■ **Problem**
Quote, word for word, the line containing "A classic straight" and all lines that follow it to the end of the records, with no pictures.
-- Opening Marker --
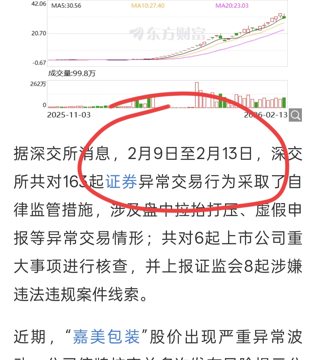 第一点:关于限制相关账户交易,这是从2月9日开始的,到2月13日结束,深交所发的这个公告是对每周工作的一个汇总,每周都会发这个公告,自己去查一查就知道了
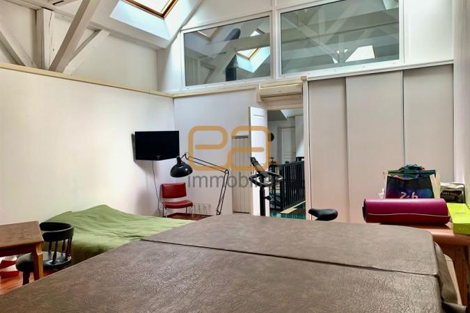 Véritable loft au sens propre du terme, ce logement a été aménagé dans un ancien atelier/entrepôt. Cette configuration offre des espaces entièrement ouverts et permet d’obtenir ainsi des volumes dégagés et éclairés, dans le cas présent par des fenêtres de toit. L’espace de vie de 90 m² environ dévoile une vaste entrée menant à un ensemble spacieux et élégant comprenant un salon, une salle à manger, et une cuisine aménagée et équipée avec îlot central. Un bureau de 21m² environ en contrebas de quelques marches (aménageable en chambre supplémentaire, voire en piscine intérieure), un WC indépendant avec son point d’eau et un local technique complètent ce niveau.
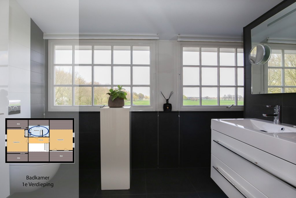 Overloop/vide, twee riante slaapkamers met ingebouwde kasten en een moderne badkamer met ruime inloopdouche, dubbel wastafelmeubel en 2e toilet. Bijzonder is dat de deze badkamer naast vloerverwarming ook deels muurverwarming heeft.
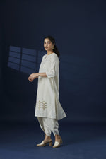 A classic straight white kurta, crafted with 100% cotton khaddar fabric. The border features an intricate jaal of geometric Phulkari motif in golden patt silk thread and running stitch detailing on the sleeve. The kurta can be paired with white stitched dhoti/pants.
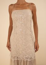 Vestido Morena Rosa Solto Decote Reto Com Alça Longo Bege
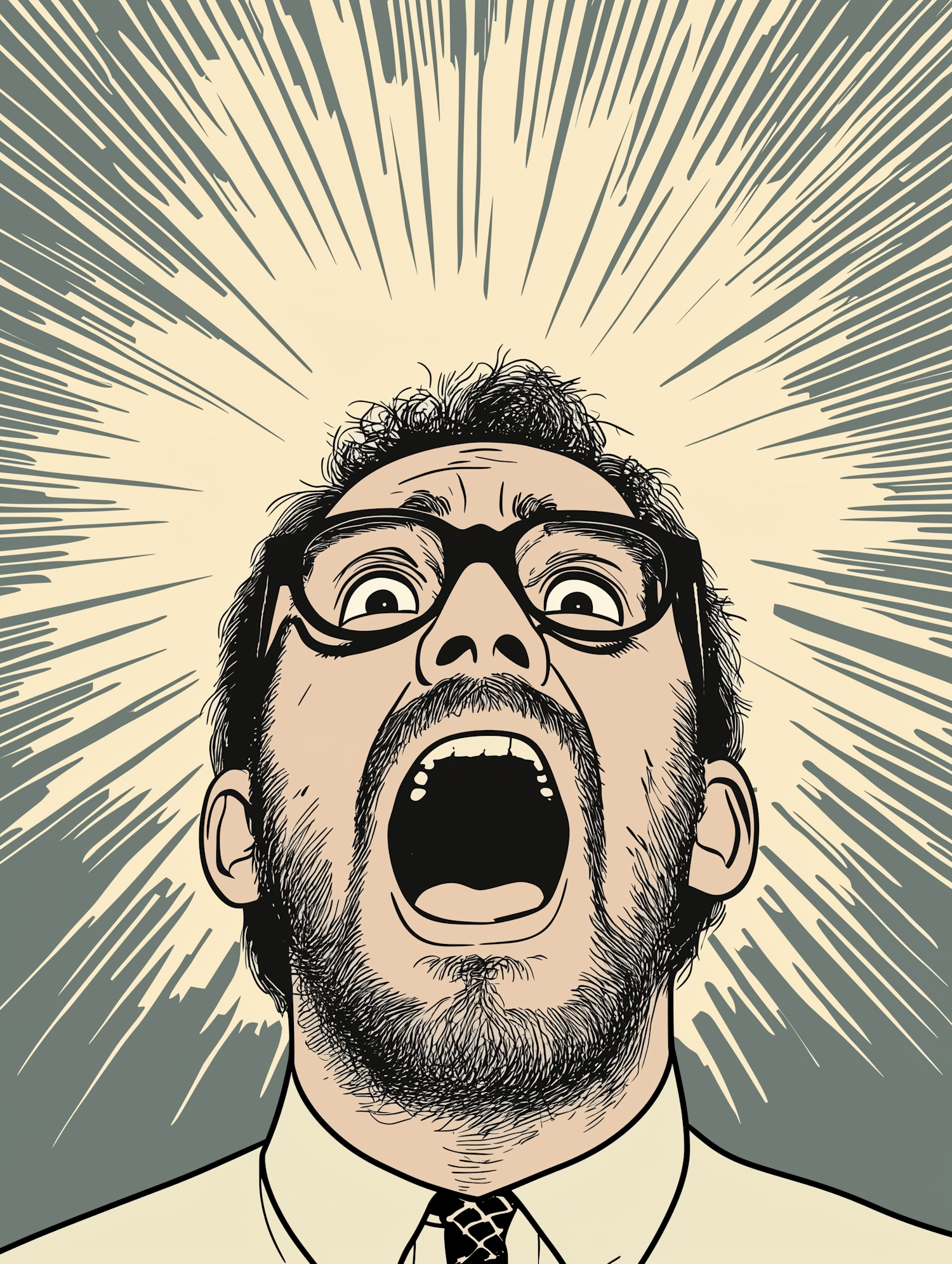 Illustration of a man shouting with dynamic lines radiating from his head, creating a dramatic and intense comic book style.
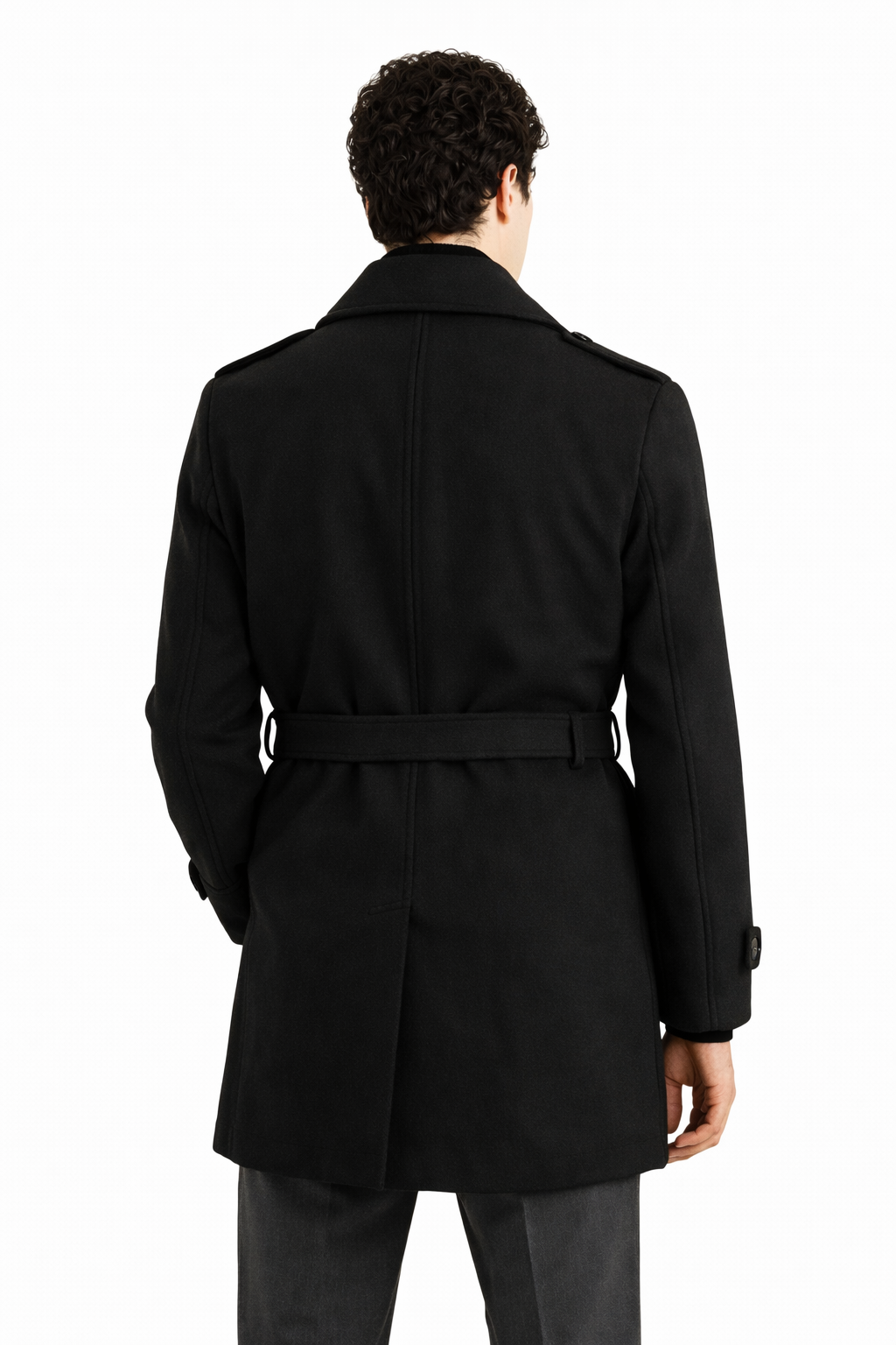 Questo cappotto uomo doppiopetto con cintura è il capo ideale per chi cerca uno stile elegante ma contemporaneo.
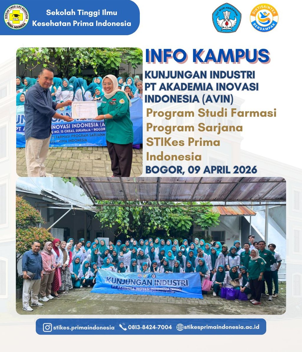 Kunjungan Industri Program Studi Farmasi Program Sarjana STIKes Prima Indonesia ke PT Akademia Inovasi Indonesia (AVIN) telah sukses dilaksanakan pada 09 April 2026 di Bogor.
-- Closing Marker --
■ **Written answer**
 A classic straight white kurta, crafted with 100% cotton khaddar fabric. The border features an intricate jaal of geometric Phulkari motif in golden patt silk thread and running stitch detailing on the sleeve. The kurta can be paired with white stitched dhoti/pants.
 Vestido Morena Rosa Solto Decote Reto Com Alça Longo Bege
 Illustration of a man shouting with dynamic lines radiating from his head, creating a dramatic and intense comic book style.
 Questo cappotto uomo doppiopetto con cintura è il capo ideale per chi cerca uno stile elegante ma contemporaneo.
 Kunjungan Industri Program Studi Farmasi Program Sarjana STIKes Prima Indonesia ke PT Akademia Inovasi Indonesia (AVIN) telah sukses dilaksanakan pada 09 April 2026 di Bogor.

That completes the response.